**Exercise instructions**
Write out nothing but the lines from the one containing "MX Signature Collection" through the last line below, both included, and without the pictures.

**Source data**
↓↓↓
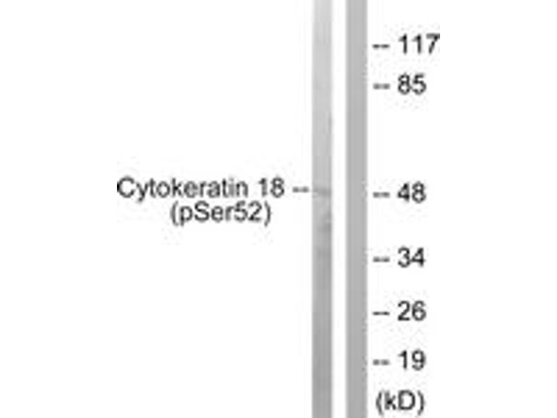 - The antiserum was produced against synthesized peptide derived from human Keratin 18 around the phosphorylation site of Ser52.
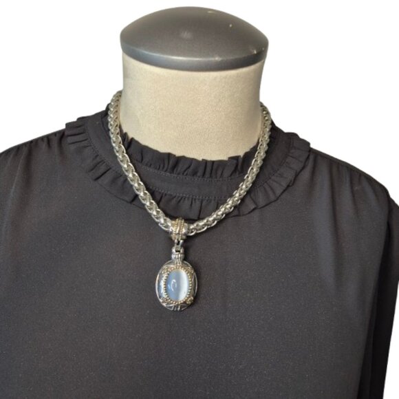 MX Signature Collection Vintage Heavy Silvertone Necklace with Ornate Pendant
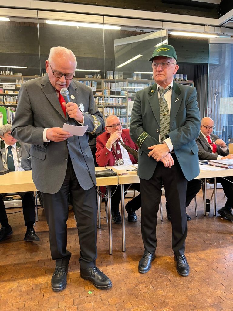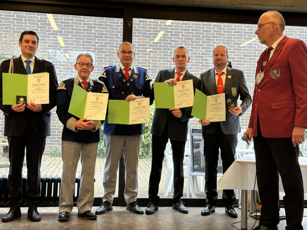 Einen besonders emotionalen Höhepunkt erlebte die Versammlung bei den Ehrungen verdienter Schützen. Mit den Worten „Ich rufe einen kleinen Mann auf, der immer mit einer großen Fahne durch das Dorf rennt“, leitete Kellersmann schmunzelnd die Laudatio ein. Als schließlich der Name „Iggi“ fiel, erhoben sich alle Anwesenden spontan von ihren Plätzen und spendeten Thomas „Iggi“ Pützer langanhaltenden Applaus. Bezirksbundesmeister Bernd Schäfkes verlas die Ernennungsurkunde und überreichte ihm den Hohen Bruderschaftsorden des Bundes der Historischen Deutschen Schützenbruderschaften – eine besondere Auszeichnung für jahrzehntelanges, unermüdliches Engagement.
↑↑↑
**Solution to the exercise**
 MX Signature Collection Vintage Heavy Silvertone Necklace with Ornate Pendant
 Einen besonders emotionalen Höhepunkt erlebte die Versammlung bei den Ehrungen verdienter Schützen. Mit den Worten „Ich rufe einen kleinen Mann auf, der immer mit einer großen Fahne durch das Dorf rennt“, leitete Kellersmann schmunzelnd die Laudatio ein. Als schließlich der Name „Iggi“ fiel, erhoben sich alle Anwesenden spontan von ihren Plätzen und spendeten Thomas „Iggi“ Pützer langanhaltenden Applaus. Bezirksbundesmeister Bernd Schäfkes verlas die Ernennungsurkunde und überreichte ihm den Hohen Bruderschaftsorden des Bundes der Historischen Deutschen Schützenbruderschaften – eine besondere Auszeichnung für jahrzehntelanges, unermüdliches Engagement.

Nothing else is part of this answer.